[ Previous: C++ For C Programmers ] [ Up: Developer Tutorials ] [ Next: More OpenCL ]

Introduction

This tutorial will walk you through the basics of creating a Workspace operation that utilises OpenCL to execute parallel code on devices including modern GPUs and many-core CPUs. By writing operations that use OpenCL in Workspace, users are able to do parallel processing on their supported GPUs and CPUs and also take full advantage of GPU clusters such as Bragg. These operations can further be combined with Workspace’s distributed execution to drastically reduce running time of workflows for particular tasks.
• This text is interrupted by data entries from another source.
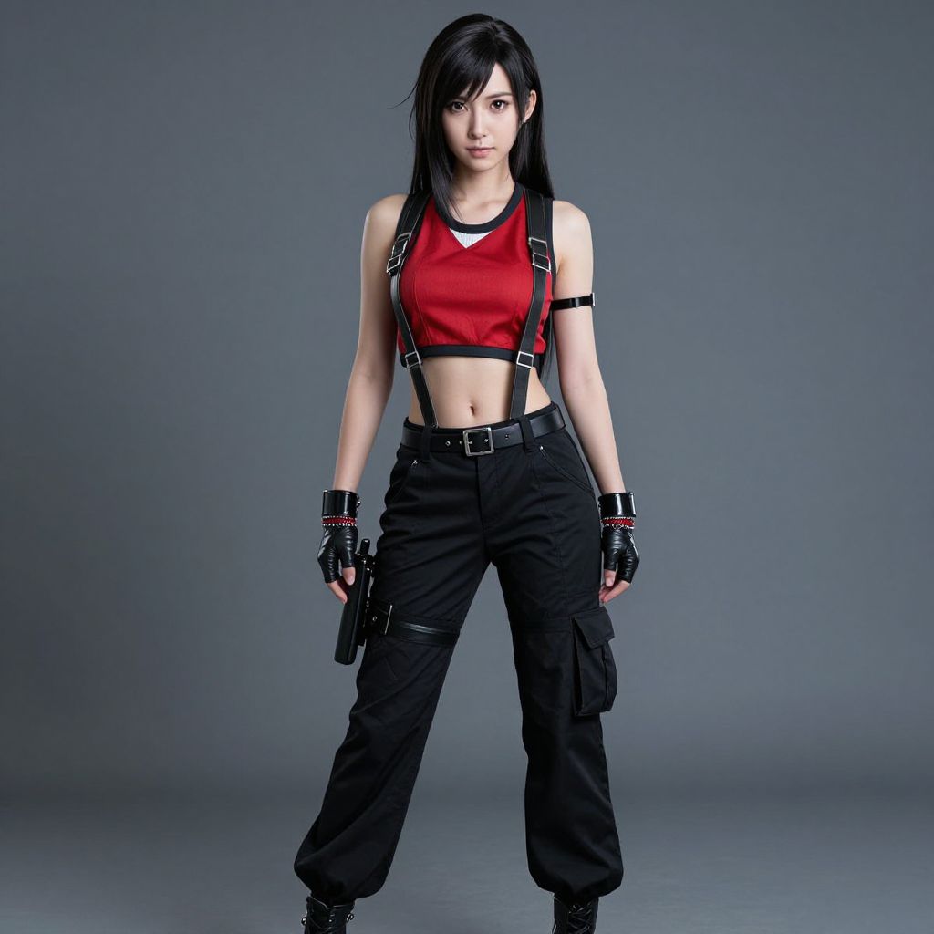 Final Fantasy Tifa Costume, woman in a red top and black pants posing for a picture
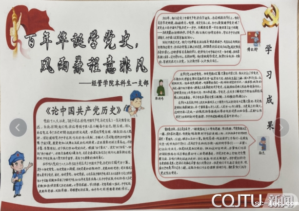 “百年华诞学党史,风雨兼程意非凡”——本科生第一党支部学习小组为大家展示了支部党员共同精心绘制的党史学习手抄报。手抄报以红白色调为主,并选取华表、党徽等元素作为衬托,简约大方,契合主题。内容包括《论中国共产党历史》一书的简要和近段时间来支部同志的学习感悟,工整端正的字迹,表达了大家认真严谨的态度。
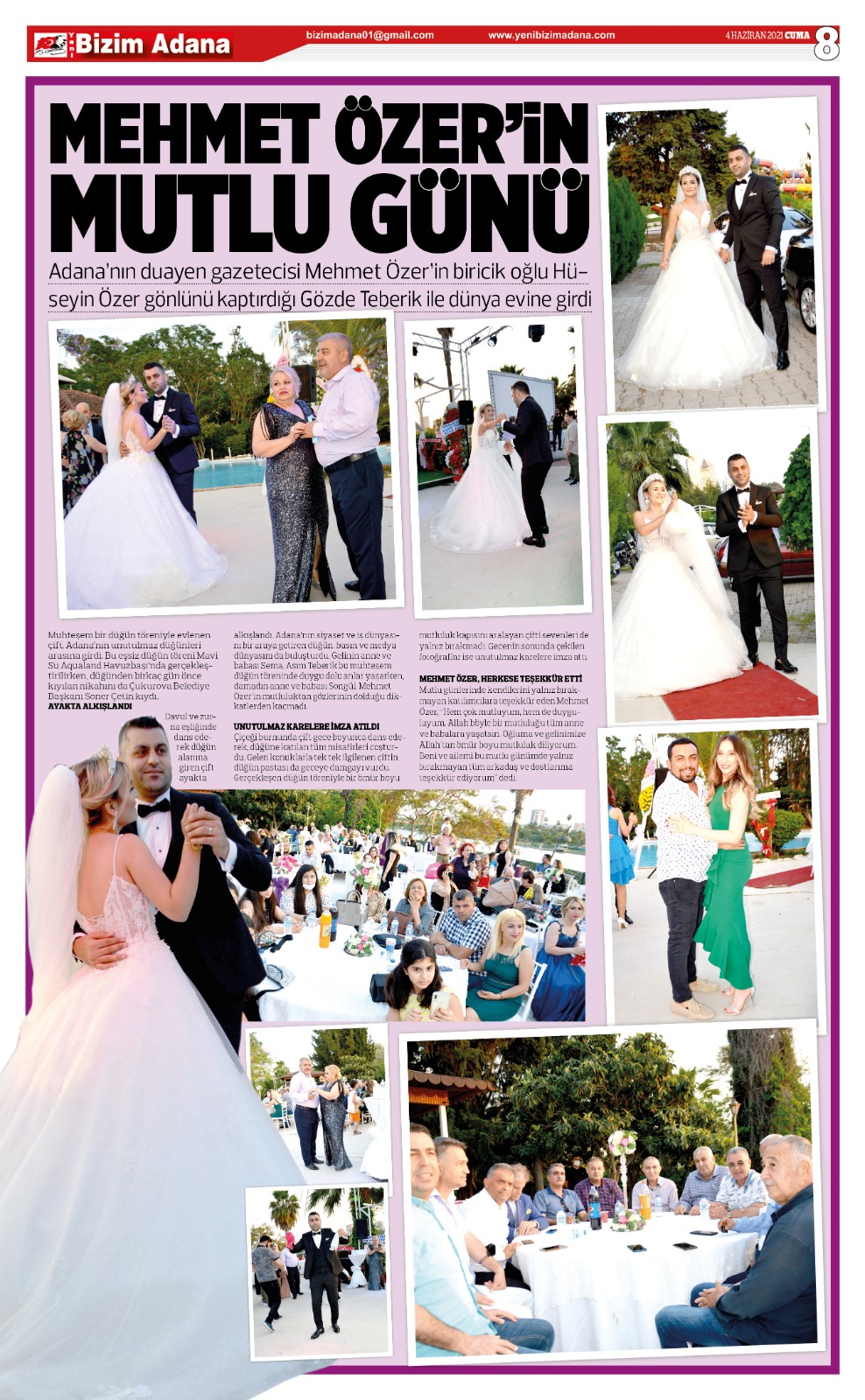 Adana’nın duayen gazetecisi Mehmet Özer’in biricik oğlu Hüseyin Özer gönlünü kaptırdığı Gözde Teberik ile dünya evine girdi. Muhteşem bir düğün töreniyle evlenen çift, Adana’nın unutulmaz düğünleri arasına girdi. Bu eşsiz düğün töreni Mavi Su Aqualand Havuzbaşı’nda gerçekleştirilirken, düğünden birkaç gün önce kıyılan nikahını da Çukurova Belediye Başkanı Soner Çetin kıydı.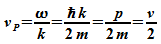 Die Gruppengeschwindigkeit des Wellenpaketes stimmt also mit der Teilchengeschwindigkeit überein. Das war auch zu erwarten, denn vG ist nichts anderes als die Geschwindigkeit, mit der sich die Einhüllende des Pakets ausbreitet und damit auch die Aufenthaltswahrscheinlichkeitsdichte des Teilchens. Die Phasengeschwindigkeit vP der einzelnen Wellen stimmt dagegen nicht mit der Teilchengeschwindigkeit überein: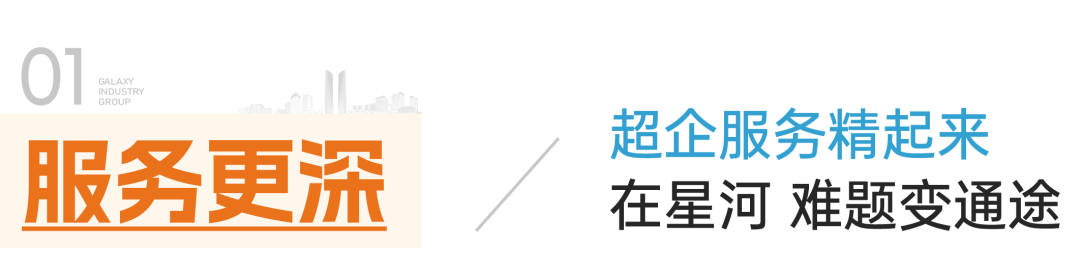 企业的痛点,就是服务的焦点。星河产城以“第一服务员”理念,构建覆盖432项服务的“超企服务”体系,从基础事务办理升级为全场景定制化解决方案,把企业发展中的“堵点、难点”一一打通。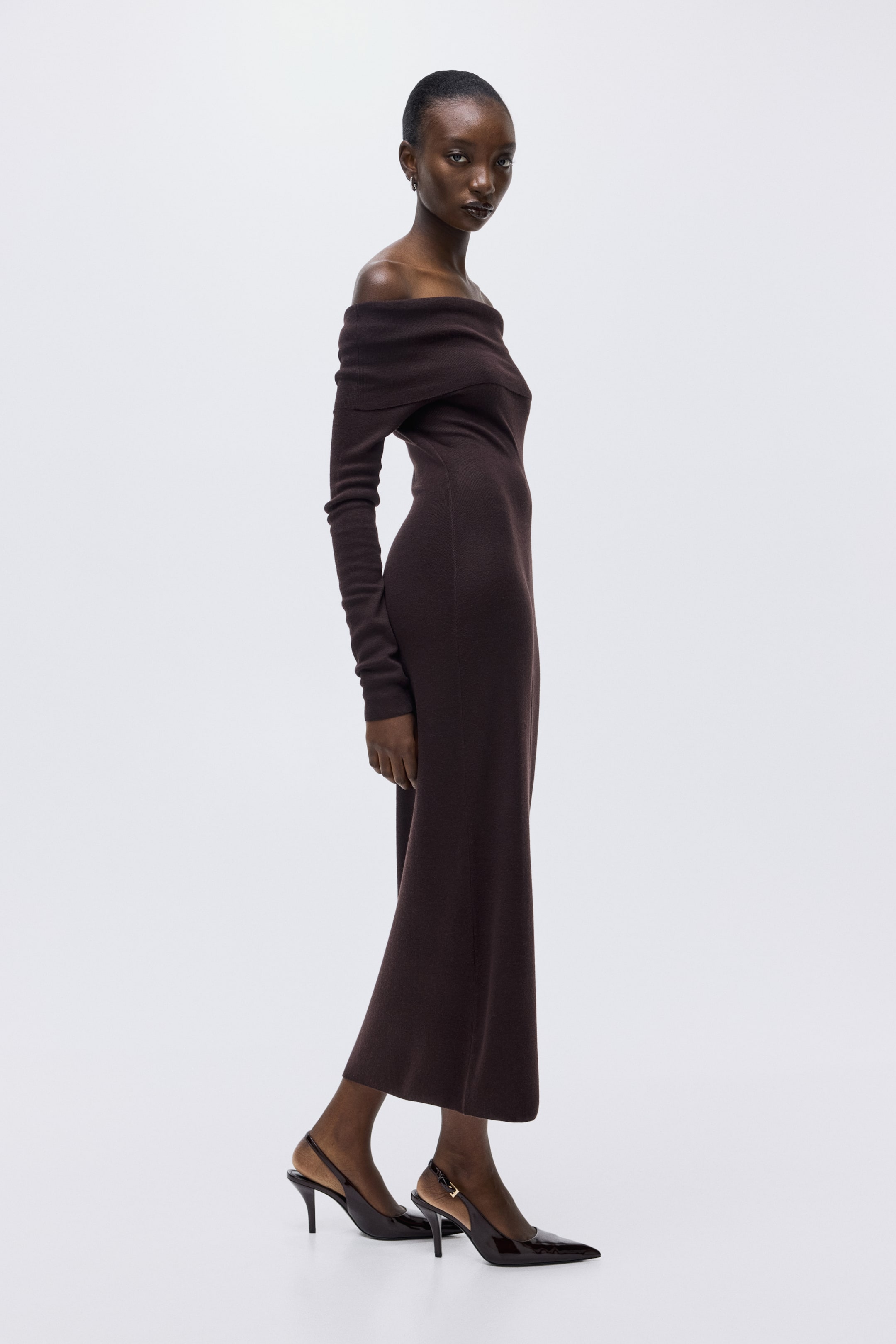 Fitted, ankle-length dress in a soft, fine knit. Wide foldover upper edge and long sleeves.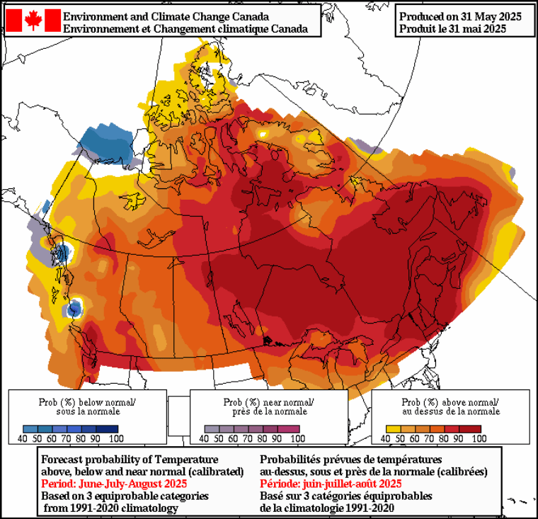 根据加拿大环境部和气候变化部(ECCC)最新预报,今夏大温三个月内“气温高于正常”的几率高达87%。虽然气象模型尚不能明确判断是否会出现热浪或多轮极端高温,但可以确定的是,这将是一个不同寻常的季节。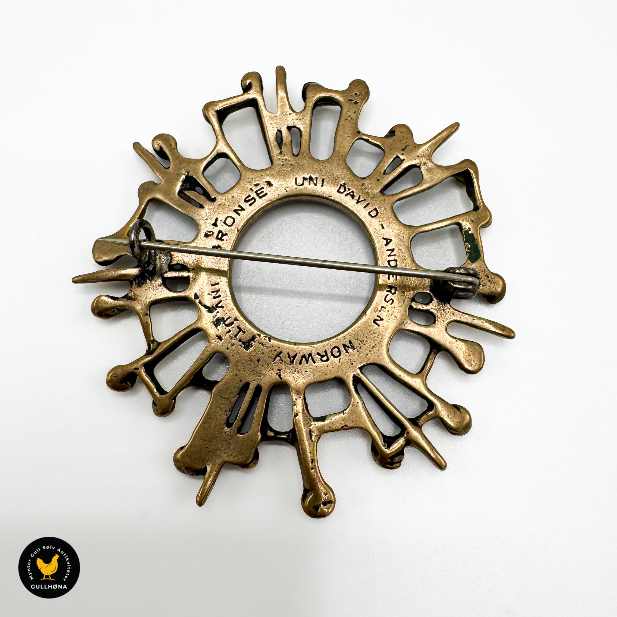 Stilig brosje av bronse laget av Unn Tangerud for David-Andersen.
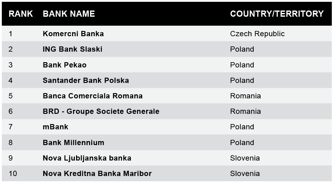 Komercni Banka of the Czech Republic maintains its #1 position for 2023, and Polish banks performed well again, taking three of the top five positions this year and five total.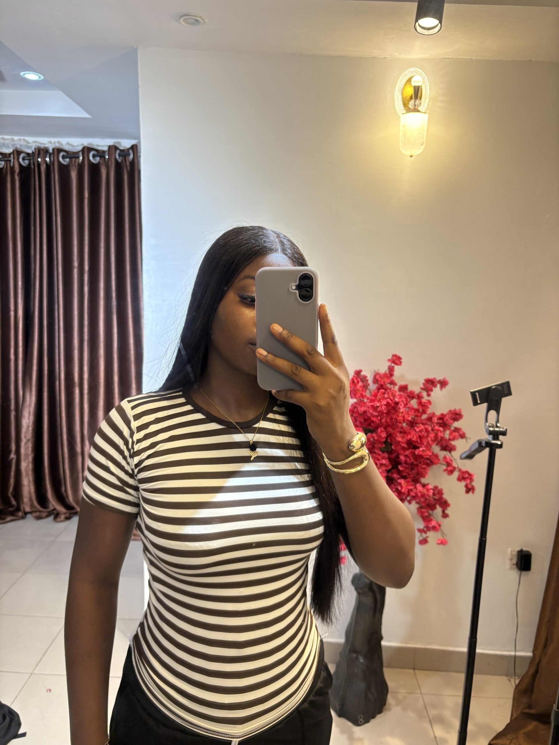 Be the first to review “Brown and white striped basic top”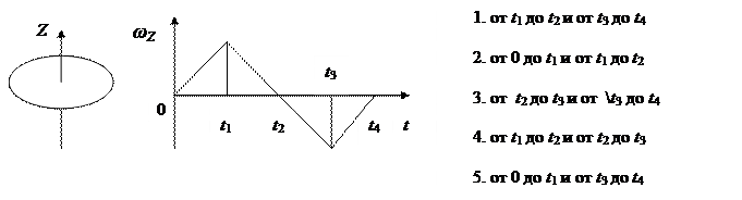 42. Две материальные точки начинают двигаться по окружности из одной начальной точки: первая с ускорением 0,1 рад/с2, вторая – с ускорением 0,15 рад/с2. Впервые после начала движения они встретятся через … с. 1.10,2 2. 31,7 3. 47,5 4. 15,8 5. 75 43. Диск вращается вокруг своей оси, изменяя проекцию своей угловой скорости ω Z (t) так, как показано на рисунке. Вектор углового ускорения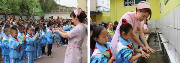 護士節前夕的一個早上,延安大學咸陽醫院的十多名護士在陳英總護士長帶領下,踏著清晨柔和的陽光,沿著校園小路,來到文林路小學。組織了“健康中國,科普助力—護士與您攜手共創健康生活”的進校園,教洗手,健康生活活動。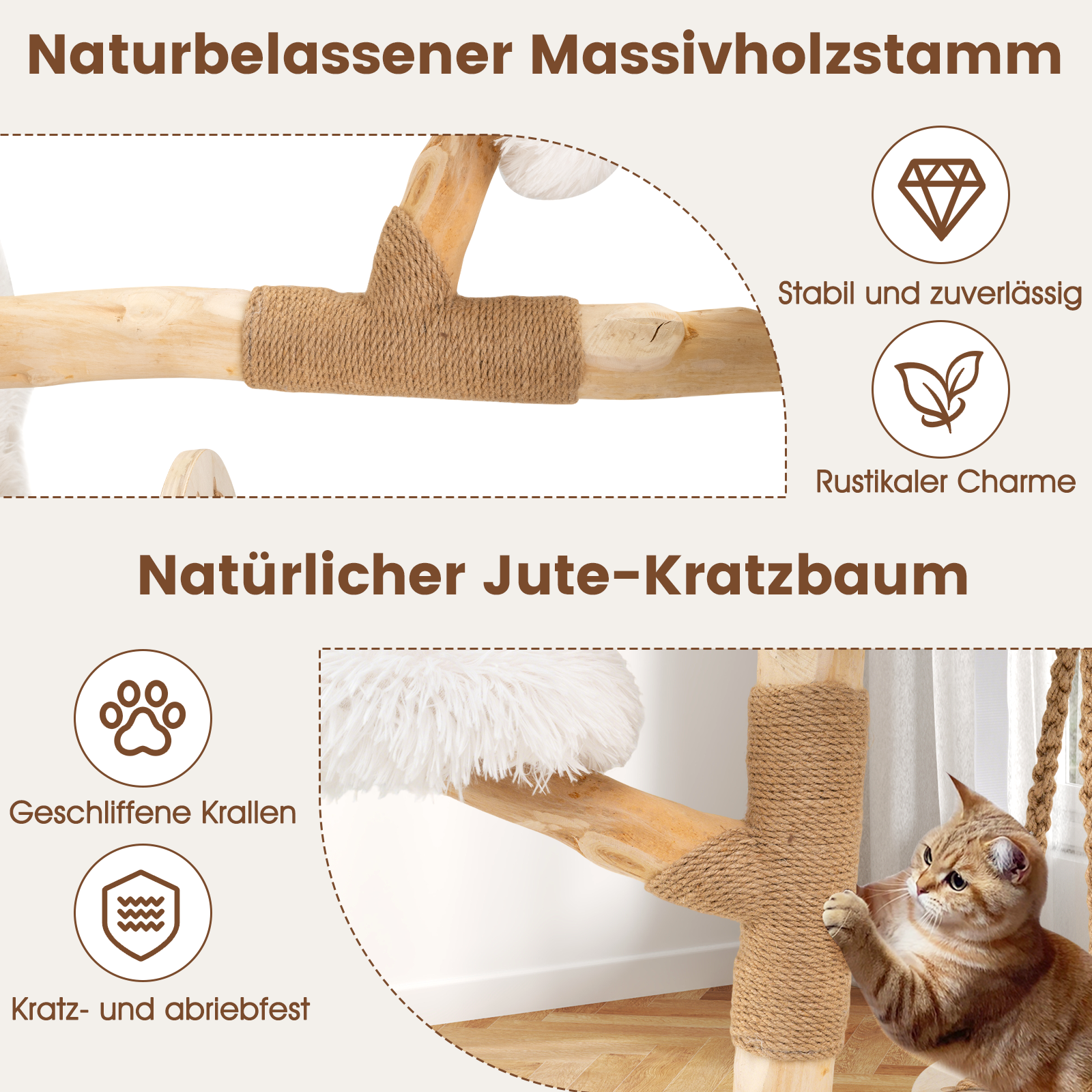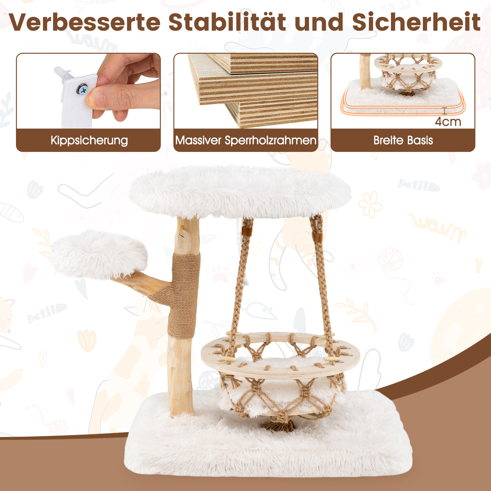 Medinis kačių namelis su hamaku ir sizaline draskykle (Balta)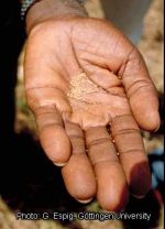 | Fonio seems not threatened by genetic erosion. RAPD-analysis has shown a relatively high level of genetic diversity in fonio compared to other millets, possibly due to its outbreeding nature. Most germplasm collections made before 1990 and kept in national genebanks have been lost, but duplicates exist at IRD (Institut de Recherche pour le Développement), Montpellier, France, which keeps more than 400 fonio accessions. Fonio accessions are also conserved in Senegal, Guinea, Mali, Burkina Faso, Togo, Benin and Nigeria. In Nigeria, Benin and Togo germplasm characterization work for a better understanding and utilization of the fonio gene pool has started. | |||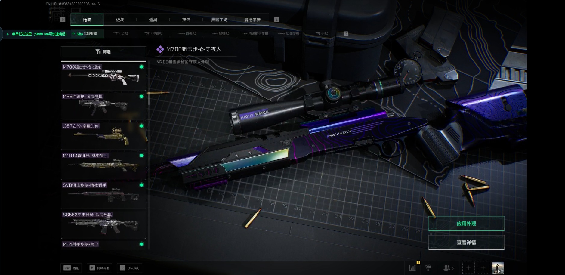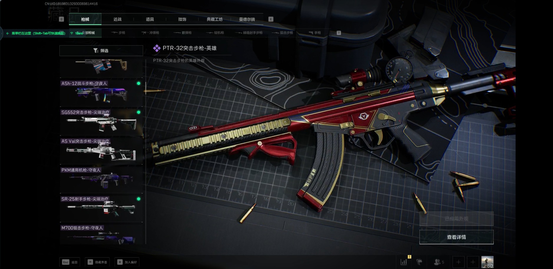 - [11884172]总资产:172.8M 2干员外观 2近战传说 24传说枪械 哈夫币:648.668K 顶级安全箱(3×3)9.15号到期 可二次 可修改实名 优质装备:近战-影锋,近战-北极星,腾龙突击步枪-气象感应(典藏),顶级安全箱(3x3) 烽火地带段位:三角洲巅峰 全面战场段位:无段位 传说武器皮肤:SCAR-H战斗步枪-铁艺苍穹,AK-12突击步枪-夜鹰,SMG45冲锋枪-骑士,K437突击步枪-极速狂飙,G18-飞虎,93R-捞点薯条,AWM狙击步枪-捞点薯条,腾龙突击步枪-捞点薯条,AK-12突击步枪-特斯拉线圈,CAR-15突击步枪-阿米娅,SR-3M紧凑突击步枪-特斯拉线圈,UZI冲锋枪-特斯拉线圈,勇士冲锋枪-能天使-午夜邮差,Vector冲锋枪-能天使-午夜邮差,复合弓-黑-天际线,M4A1突击步枪-阿米娅,M14射手步枪-工业审判,725双管霰弹枪-送葬人-无题密令,K437突击步枪-北极星,QCQ171冲锋枪-北极星,M4A1突击步枪-蚀金玫瑰 史诗武器皮肤:勇士冲锋枪-私人定制(典藏),SMG-45冲锋枪-飓风行动,QBZ95-1突击步枪-ACE,M4A1突击步枪-特勤执行,AUG突击步枪-特勤执行,Vector冲锋枪-红色彗星,PTR-32战斗步枪-ACE,SKS射手步枪-ACE,M700狙击步枪-蝮蛇,PKM通用机枪-蝮蛇,Ash-12战斗步枪-守夜人,M16A4突击步枪-竞赛选手,PKM通用机枪-守夜人,AS Val突击步枪-尖端治疗,M700狙击步枪-守夜人,SG552突击步枪-尖端治疗,SR-25射手步枪-尖端治疗,PKM通用机枪-荒野求生,MP5冲锋枪-深海恐惧,勇士冲锋枪-深海恐惧,SG552突击步枪-深海恐惧,AKM突击步枪-林中猎手,.357左轮-幸运时刻,SR-3M紧凑突击步枪-荒野求生,M1014霰弹枪-林中猎手,SV-98狙击步枪-林中猎手,PTR-32突击步枪-英雄,SVD狙击步枪-荒野求生,AS Val突击步枪-典狱官,M250通用机枪-囚徒,腾龙突击步枪-无垢,MP7冲锋枪-无垢,PSG-1射手步枪-无垢,M14射手步枪-禁卫,QBZ95-1突击步枪-曙光,沙漠之鹰-曙光,Vector冲锋枪-阿萨拉文明,SVD狙击步枪-阿萨拉工艺,S12K霰弹枪-曙光,M7战斗步枪-禁卫 干员外观:红狼-蚀金玫瑰,露娜-黑·天际线

In this tutorial, you will learn:

Build the Workspace HPC plugin
Learn how to querying OpenCL devices
Sum two lists using an OpenCL based operation

Prerequisites

This tutorial assumes you have already completed the following tutorials and are comfortable with the concepts they covered:

This tutorial also assumes you have a basic knowledge of OpenCL concepts. While this tutorial will start with the basics it is not intended as a user’s first introduction to OpenCL. There are many good online references, tutorials and books that serve this purpose.

User will need to have installed the OpenCL SDK for their target device(s).

Building the Workspace Heterogeneous Parallel Computing (HPC) plugin

The Workspace HPC plugin can be built against an OpenCL SDK which is available from various hardware vendors such as Intel, nVidia and AMD. The source code is available in the Workspace help examples folder (HPCPlugin) and can be built following the same steps as create a plugin. When configuring the project in CMake you should ensure the OPENCL_LIBRARIES entry is correctly pointing to your OpenCL SDK.

If you've built the plugin correctly and added it to Workspace's plugin loading list you should see something like "Adding Heterogeneous Parallel Computing version 3.3.0" in the log when Workspace starts. You should also have a "Heterogeneous Computing" section in the Workspace catalogue. Under this catalogue path you should be able to add and run the QueryOpenCLDevices operation which will list available devices in the log.

Setting up a new operation

In this first tutorial we will develop a simple OpenCL operation that sums the elements from two lists of scalars (DataSeries). There is nothing special about this operation beyond what we do in its execute method. Therefore the first step is to follow what we've learnt in the previous development tutorials, using the Workspace wizards to create a plugin and then create an operation within that plugin to perform the OpenCL work.

Creating a new plugin with the Workspace wizard

You should add the Data analysis and Heterogeneous Parallel Computing libraries during plugin creation

Workspace wizard libraries

We will call this operation SumDataSeries

Creating a new operation with the Workspace wizard

The inputs and outputs needed when using the operation wizard are shown below.

Workspace wizard operation inputs and output

Beyond the code we write in the operation’s execute function, there is another small change required to allow OpenCL support. Your plugin will require an OpenCL SDK to compile and link against so we must add this dependency in the CMakeLists.txt file of your plugin.

In your CMakeLists.txt file add the following lines after the set(QT_LIBRARIES Qt5::Core;Qt5::Widgets) line

find_package(OpenCL REQUIRED)

include_directories( ${OPENCL_INCLUDE_DIRS} )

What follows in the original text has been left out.